Obama’s top economic advisers thought such a dramatic overhaul was both unnecessary and reckless to consider in the midst of an economic crisis; firemen don’t rethink sprinkler regulations while an apartment building is ablaze, after all. Instead, Timothy Geithner’s Treasury Department crafted a much more targeted intervention, aimed at stabilizing the financial markets and getting the economy back on track at the lowest possible cost to government. Rather than have the taxpayers assume the risky and expensive burden of taking over the banks—an expense that Congress, having already approved TARP and the stimulus, was in no mood to authorize—Geithner’s plan was to convince investors to come in and recapitalize them. His plan had three main parts. First, the Treasury, working with the Fed and other agencies, ran “stress tests” of the banks to determine the fragility of their books and how much more capital they’d need to be able to survive and lend in an even more dire economic scenario than was expected at the time. Second, it gave banks six months to raise that amount of capital from private investors, and said that, if they failed, Treasury would use taxpayer dollars to buy ownership shares of the banks at a preset price, effectively establishing a floor for private investors. Third, it created a fund, with both public and private dollars, to buy the toxic assets on the banks’ books, thereby giving some assurance that there would be a market for those assets.

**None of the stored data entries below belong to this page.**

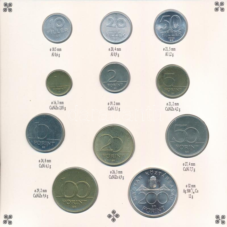 1993. 10f-200Ft (11xklf) forgalmi sor "Magyarország pénzérméi&quo... https://www.darabanth.com/de/457-Fernauktion/457.0/Numismatik/Ungarische-Kursmunzsatze~10/1993-10f-200Ft-11xklf-forgalmi-sor-Magyarorszag-penzermei-karton-disztokban-egy-lapos-ver~II3058894
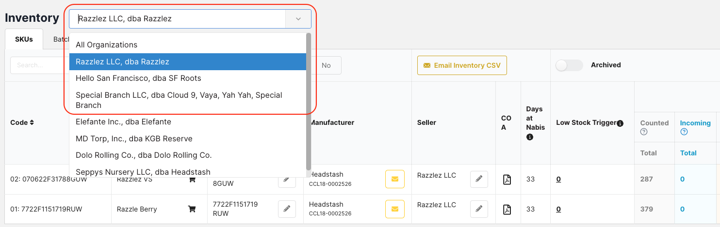 - Sales Admins can navigate to the Inventory Tab → All Organizations dropdown to add/edit inventory for their associated Brands.
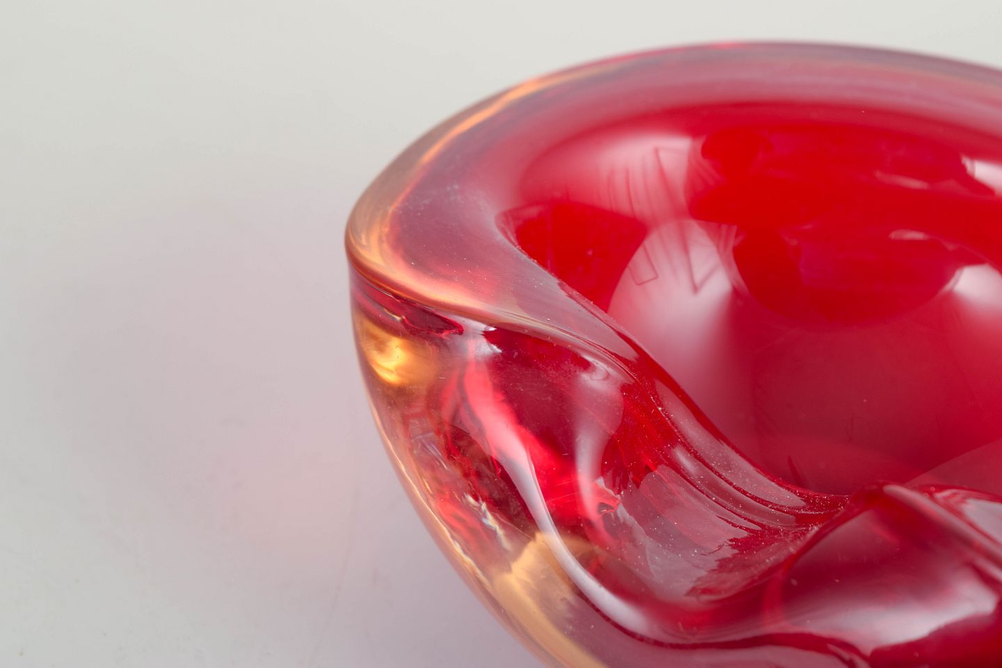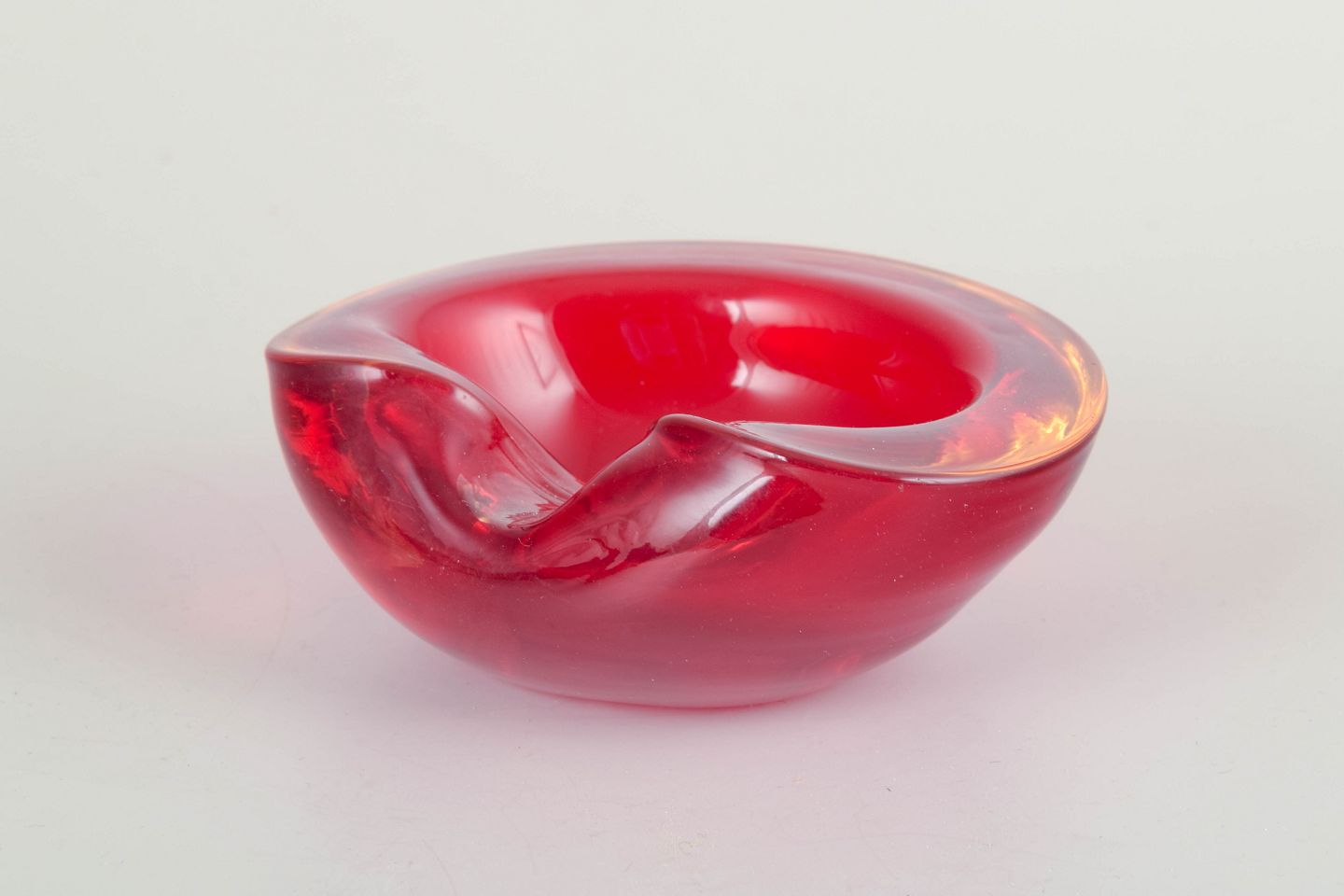 Organisk fritformet mundblæst skål i intens rubinrød sommerso-glas med blødt indfoldet rand og svævende klarhedsdybde — et klassisk eksempel på studioglas fra Murano.

The politics of the plan were dreadful. It looked like more mollycoddling of Wall Street. But, as Joshua Green noted in the Atlantic, it had the desired effect. Private money, $140 billion of it, flooded into the nineteen biggest banks; the lending markets unfroze; and, with the help of low interest rates from the Fed, the banks paid back the TARP funds, with interest. In 2008, the International Monetary Fund studied past financial crises in forty-two countries and found that their governments spent, on average, 13.3 percent of GDP to resolve them. By that measure, it would have cost the U.S. government $1.9 trillion. The Obama plan got the banks back on their feet at essentially zero cost to the government, and in historically near-record time. Let that sink in.